**WORK INSTRUCTIONS**
This exercise asks for the records to be retyped exactly as they read.

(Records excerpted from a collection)
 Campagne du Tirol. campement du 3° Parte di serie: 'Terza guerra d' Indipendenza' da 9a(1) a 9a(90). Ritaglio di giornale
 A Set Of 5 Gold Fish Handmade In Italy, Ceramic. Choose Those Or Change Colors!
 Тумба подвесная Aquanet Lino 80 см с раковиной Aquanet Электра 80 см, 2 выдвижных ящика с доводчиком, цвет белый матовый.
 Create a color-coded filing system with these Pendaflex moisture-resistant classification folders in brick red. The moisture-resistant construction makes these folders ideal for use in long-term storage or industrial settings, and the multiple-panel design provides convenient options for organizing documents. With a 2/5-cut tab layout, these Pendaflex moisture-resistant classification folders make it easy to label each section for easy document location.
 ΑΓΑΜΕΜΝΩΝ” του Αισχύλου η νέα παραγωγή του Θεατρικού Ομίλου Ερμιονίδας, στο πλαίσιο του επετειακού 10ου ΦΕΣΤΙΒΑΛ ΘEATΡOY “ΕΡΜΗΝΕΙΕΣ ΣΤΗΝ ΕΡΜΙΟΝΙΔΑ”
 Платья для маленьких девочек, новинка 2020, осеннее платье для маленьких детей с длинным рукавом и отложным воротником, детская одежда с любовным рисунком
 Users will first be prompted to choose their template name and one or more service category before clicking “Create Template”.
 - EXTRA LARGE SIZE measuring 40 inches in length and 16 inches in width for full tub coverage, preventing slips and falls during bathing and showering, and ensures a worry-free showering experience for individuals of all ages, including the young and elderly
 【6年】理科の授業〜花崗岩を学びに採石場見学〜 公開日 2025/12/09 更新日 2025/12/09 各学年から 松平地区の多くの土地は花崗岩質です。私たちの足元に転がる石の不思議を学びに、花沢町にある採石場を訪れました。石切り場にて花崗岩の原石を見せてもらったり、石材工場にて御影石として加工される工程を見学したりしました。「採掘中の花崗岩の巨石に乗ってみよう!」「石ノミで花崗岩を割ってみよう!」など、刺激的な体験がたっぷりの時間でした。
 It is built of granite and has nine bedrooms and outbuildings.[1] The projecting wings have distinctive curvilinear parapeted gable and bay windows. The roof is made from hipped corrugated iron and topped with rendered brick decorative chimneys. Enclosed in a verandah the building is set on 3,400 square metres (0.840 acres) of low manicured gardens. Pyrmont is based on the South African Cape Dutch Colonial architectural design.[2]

**ANSWER FOR THE TASK**
 Campagne du Tirol. campement du 3° Parte di serie: 'Terza guerra d' Indipendenza' da 9a(1) a 9a(90). Ritaglio di giornale
 A Set Of 5 Gold Fish Handmade In Italy, Ceramic. Choose Those Or Change Colors!
 Тумба подвесная Aquanet Lino 80 см с раковиной Aquanet Электра 80 см, 2 выдвижных ящика с доводчиком, цвет белый матовый.
 Create a color-coded filing system with these Pendaflex moisture-resistant classification folders in brick red. The moisture-resistant construction makes these folders ideal for use in long-term storage or industrial settings, and the multiple-panel design provides convenient options for organizing documents. With a 2/5-cut tab layout, these Pendaflex moisture-resistant classification folders make it easy to label each section for easy document location.
 ΑΓΑΜΕΜΝΩΝ” του Αισχύλου η νέα παραγωγή του Θεατρικού Ομίλου Ερμιονίδας, στο πλαίσιο του επετειακού 10ου ΦΕΣΤΙΒΑΛ ΘEATΡOY “ΕΡΜΗΝΕΙΕΣ ΣΤΗΝ ΕΡΜΙΟΝΙΔΑ”
 Платья для маленьких девочек, новинка 2020, осеннее платье для маленьких детей с длинным рукавом и отложным воротником, детская одежда с любовным рисунком
 Users will first be prompted to choose their template name and one or more service category before clicking “Create Template”.
 - EXTRA LARGE SIZE measuring 40 inches in length and 16 inches in width for full tub coverage, preventing slips and falls during bathing and showering, and ensures a worry-free showering experience for individuals of all ages, including the young and elderly
 【6年】理科の授業〜花崗岩を学びに採石場見学〜 公開日 2025/12/09 更新日 2025/12/09 各学年から 松平地区の多くの土地は花崗岩質です。私たちの足元に転がる石の不思議を学びに、花沢町にある採石場を訪れました。石切り場にて花崗岩の原石を見せてもらったり、石材工場にて御影石として加工される工程を見学したりしました。「採掘中の花崗岩の巨石に乗ってみよう!」「石ノミで花崗岩を割ってみよう!」など、刺激的な体験がたっぷりの時間でした。
 It is built of granite and has nine bedrooms and outbuildings.[1] The projecting wings have distinctive curvilinear parapeted gable and bay windows. The roof is made from hipped corrugated iron and topped with rendered brick decorative chimneys. Enclosed in a verandah the building is set on 3,400 square metres (0.840 acres) of low manicured gardens. Pyrmont is based on the South African Cape Dutch Colonial architectural design.[2]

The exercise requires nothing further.